9.4.1 General Metrics
We used the MultiqQC report to assess the initial quality of our samples. The quality report can be found in results/viralrecon/multiqc/multiqc_report.html
.
We paid particular attention to:
- Number of reads mapped to the reference genome.
- Median depth of coverage.
- Percentage of the genome with missing bases (‘N’).
- Number of SNP + Indel variants.
We noted that:
- 2 samples - ZA09 and ZA12 - completely failed. This was already noted after we ran the pipeline, above. The reason seems to be because these samples have a very low percentage of non-human reads (less than 2%), indicating that the sequenced material was mostly human. Because of this, there were not enough reads to assemble a genome.
- 2 other samples - ZA10 and ZA23 - had > 90% missing bases, also indicating a very poor assembly. The reason was the same as above, both samples had low % of non-human reads.
- 1 samples - ZA14 - had ~39% missing bases. In this case the reason was not a low number of mapped reads. For example, sample ZA13 had a very similar median depth of coverage (121 vs 161 in ZA14) and even fewer mapped reads (24k vs 60k in ZA14). But ZA13 only had 2% missing bases. However, upon inspection of the amplicon heatmap, we detected that several amplicons were not properly amplified in ZA14 compared to ZA13. Therefore, the reason for high % missing bases in ZA14 was due to low amplification efficiency in this sample.
- There was some systematic dropout for some amplicons, in particular
nCoV-2019_64
had very low amplification in several of the samples. Of note was alsonCoV-2019_73
, and other neighbouring amplicons.
Besides the MultiQC report, the pipeline also outputs a CSV file with collected summary metrics (equivalent to the first table on the report): results/viralrecon/multiqc/summary_variants_metrics_mqc.csv
. We will use this file later to join this information with our metadata and lineage assignment using the R software (detailed in “Integration & Visualisation” section, below).
9.4.2 Variants
We also looked at the table of variants obtained from the pipeline. This is output in results/viralrecon/variants/ivar/variants_long_table.csv
. This table can be very useful to keep track of particular mutations that may be increasing over time. Later, we will tidy this table to attach to our reported results (“Integration & Visualisation” section).
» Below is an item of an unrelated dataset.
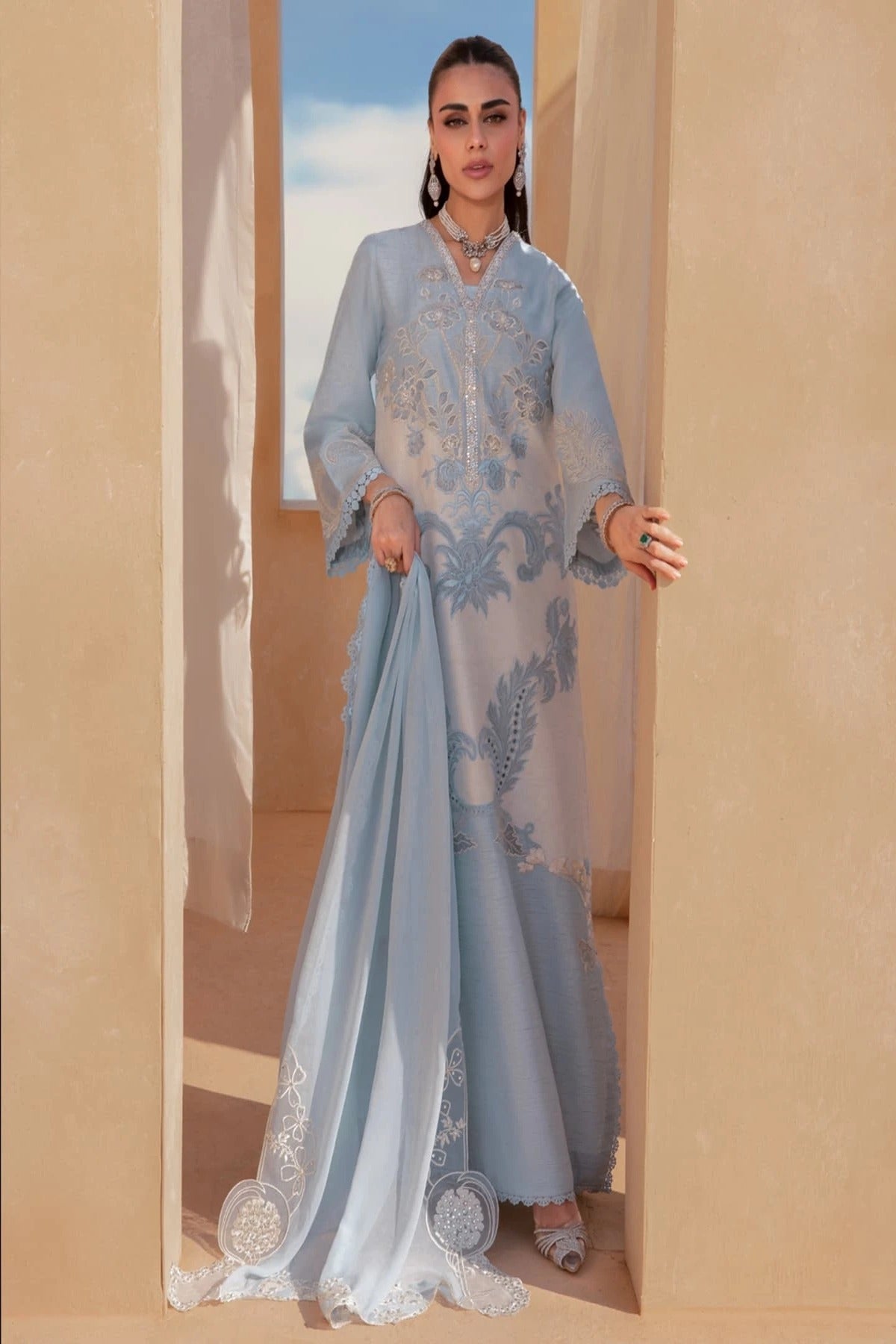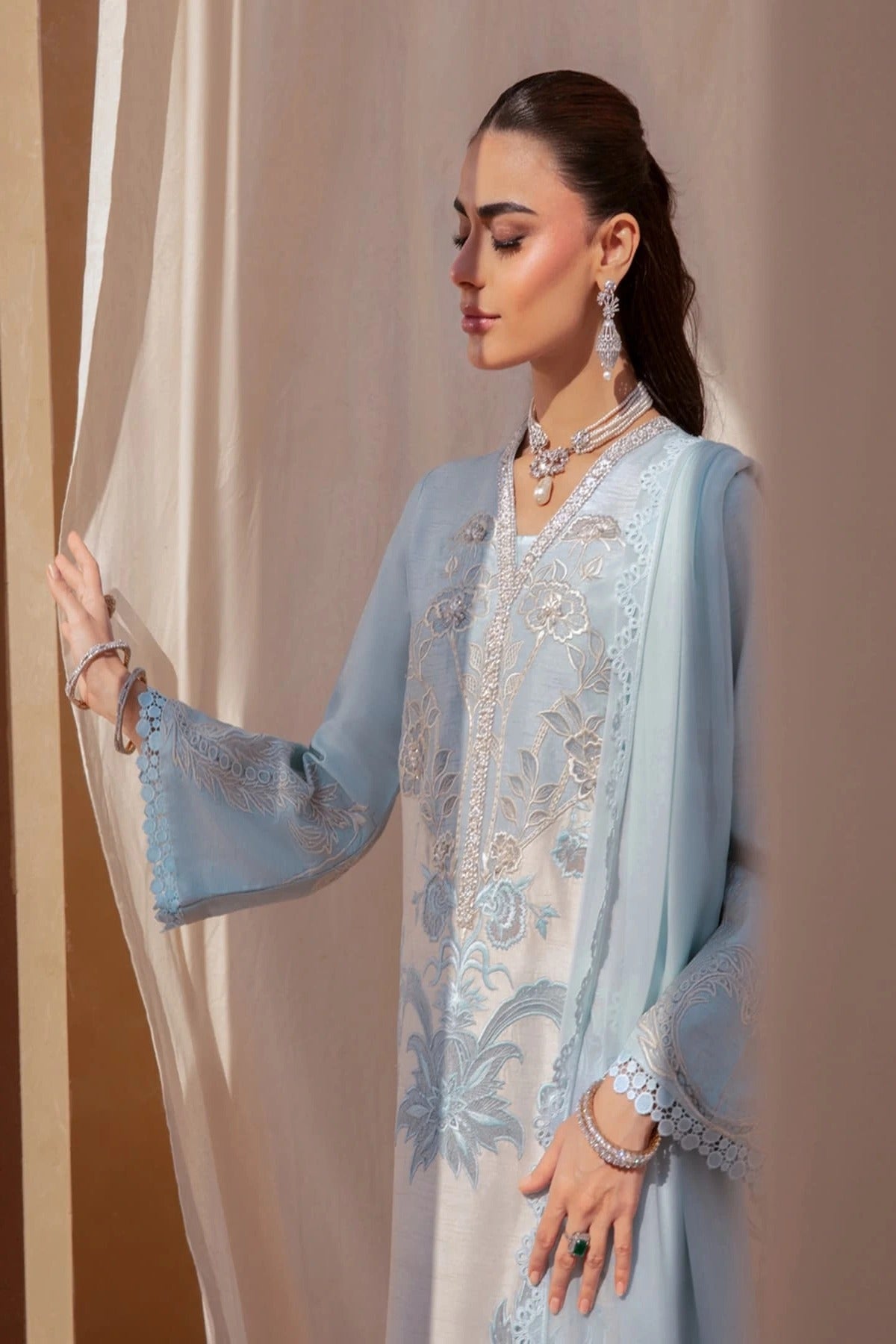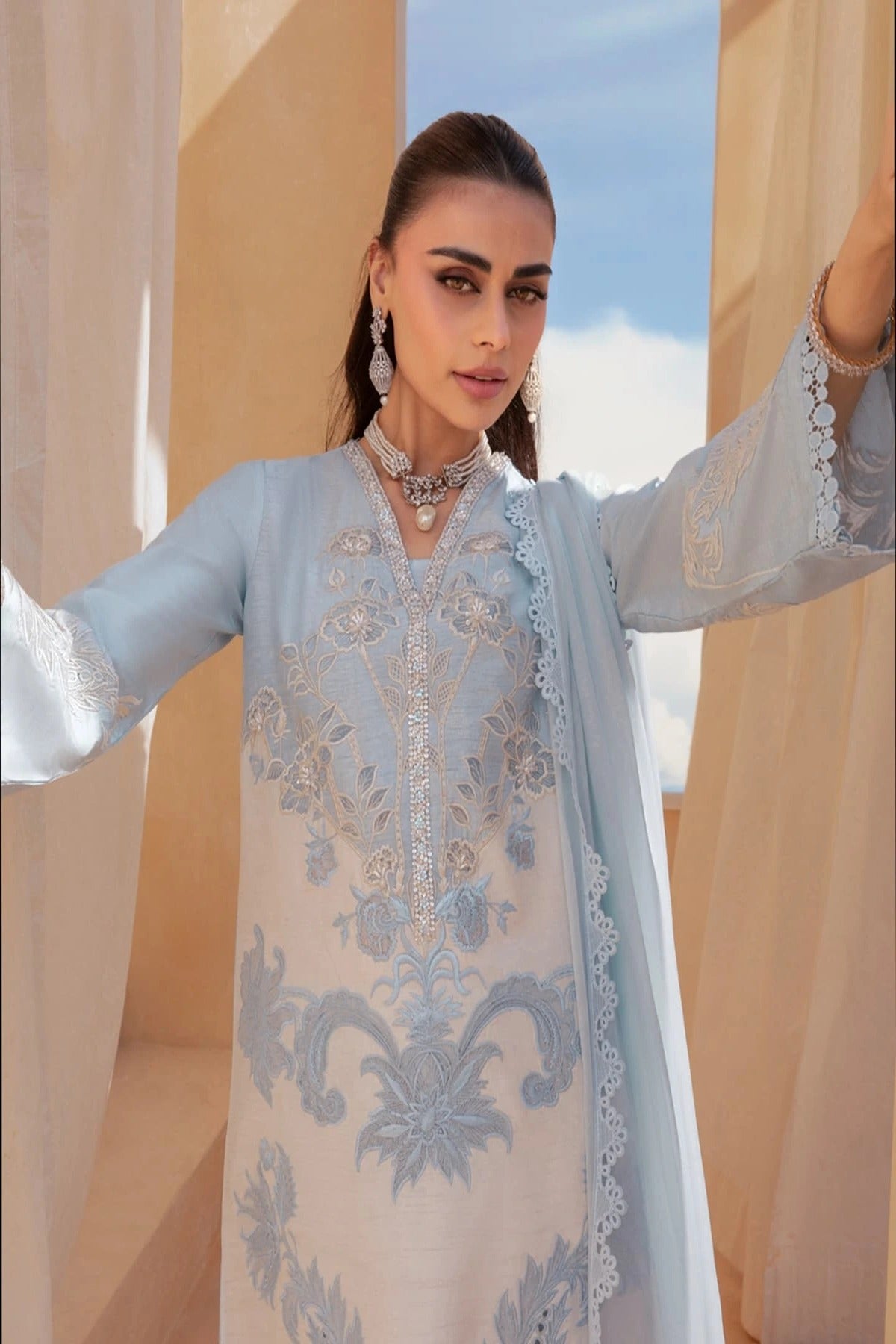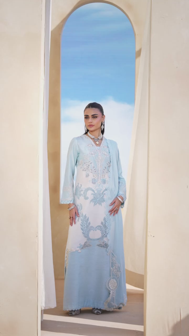 A serene artwork of craftsmanship in soothing blue hues which is meticulously created with subtle details and expound stitches. For this season,elevate your aesthetic game with an ensemble that epitomizes opulence and class.

But for now, we will explore this table to address a few more quality-related questions. We opened this table in Excel to answer the following:
- Where there samples with a high number of intermediate allele frequencies? This could indicate mixed samples due to cross-contamination.
- Where there samples with frameshift mutations? These mutations should be rare because they are highly disruptive to the functioning of the virus. So, their occurrence may be due to errors rather than a true mutation and it’s good to make a note of this.
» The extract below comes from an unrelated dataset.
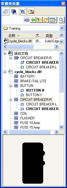 cycle_blocks.dft 文件由表示电池、制动器、保险丝、灯和其他部件的各个块组成。 单击块名称并将其拖放到图纸中,可以将块放入图纸中。 放置块之后,其名称还显示在活动文档列表中,并在左侧显示一个事例指示符符号。 |
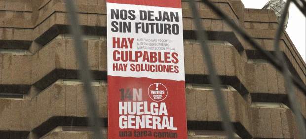 UGT descolgó una pancarta de 15×5 metros en la fachada de su sede situada en Avenida de América número 25, en Madrid, para animar a los ciudadanos a participar en la huelga general del 14 de noviembre.

By manual inspection of this table (and using the “filter” feature in Excel), we found 74 variants with alternative allele frequency less than 75%. These were spread across samples, all samples having less than 10 such low-frequency mutations, and most samples having less than 5. Sample ZA23 - which we had previously highlighted has having a high % missing bases (39%) - had 8 low-frequency mutations out of a total of 48 mutations in this sample (~16%), suggesting further quality issues in this sample.
9.5 Clean FASTA
The pipeline outputs the consensus sequences in results/viralrecon/variants/ivar/consensus/bcftools/*.consensus.fa
(one file for each sample). For downstream analysis, it is convenient to combine all these sequences into a single file, and also clean the sequence names (to remove some text – ” MN908947.3” –, which is added by the bcftools
variant caller).
We created a new script to clean our consensus FASTA files, which we ran with bash scripts/02-clean_fasta.sh
:
# combine and clean FASTA files
cat results/viralrecon/variants/ivar/consensus/bcftools/*.consensus.fa | sed 's| MN908947.3||' > report/consensus.fa
This command does two things:
- Combine all our FASTA consensus sequences into a single file (using
cat
). - Clean the sequence names (using
sed
).
The output was saved as a new FASTA file: report/consensus.fa
.
9.5.1 Missing Intervals
As a further quality check, we also generated a table of missing intervals (indicated by the N
character in the FASTA sequences). We used the seqkit
software to achieve this.
First, we activate our software environment:
mamba activate seqkit
Then, we ran the script bash scripts/03-missing_intervals.sh
, which includes the following command:
seqkit locate -i -P -G -M -r -p "N+" report/consensus.fa > results/missing_intervals.tsv
This software outputs a tab-delimited table, which we saved as results/missing_intervals.tsv
. The table looks like this (only the top few rows are shown):
seqID patternName pattern strand start end
ZA01 N+ N+ + 1 54
ZA01 N+ N+ + 22771 22926
ZA01 N+ N+ + 23603 23835
ZA01 N+ N+ + 26948 26948
ZA01 N+ N+ + 26968 27137
ZA01 N+ N+ + 29801 29867
ZA02 N+ N+ + 1 54
ZA02 N+ N+ + 22771 22921
ZA02 N+ N+ + 23603 23835
We opened this file missing_intervals.tsv
in Excel and quickly calculated the length of each interval. We noted that two samples - ZA10 and ZA23 - both have a continuous interval of over 18kb missing bases, which is not surprising as we had already identified these samples has having >90% missing data. We make a note of these samples as being possibly problematic in downstream analysis steps.
9.6 Downstream Analyses
Based on the clean consensus sequences, we then perform several downstream analysis.
9.6.1 Lineage Assignment
See Section 6.1, if you need to revise how lineage assignment works.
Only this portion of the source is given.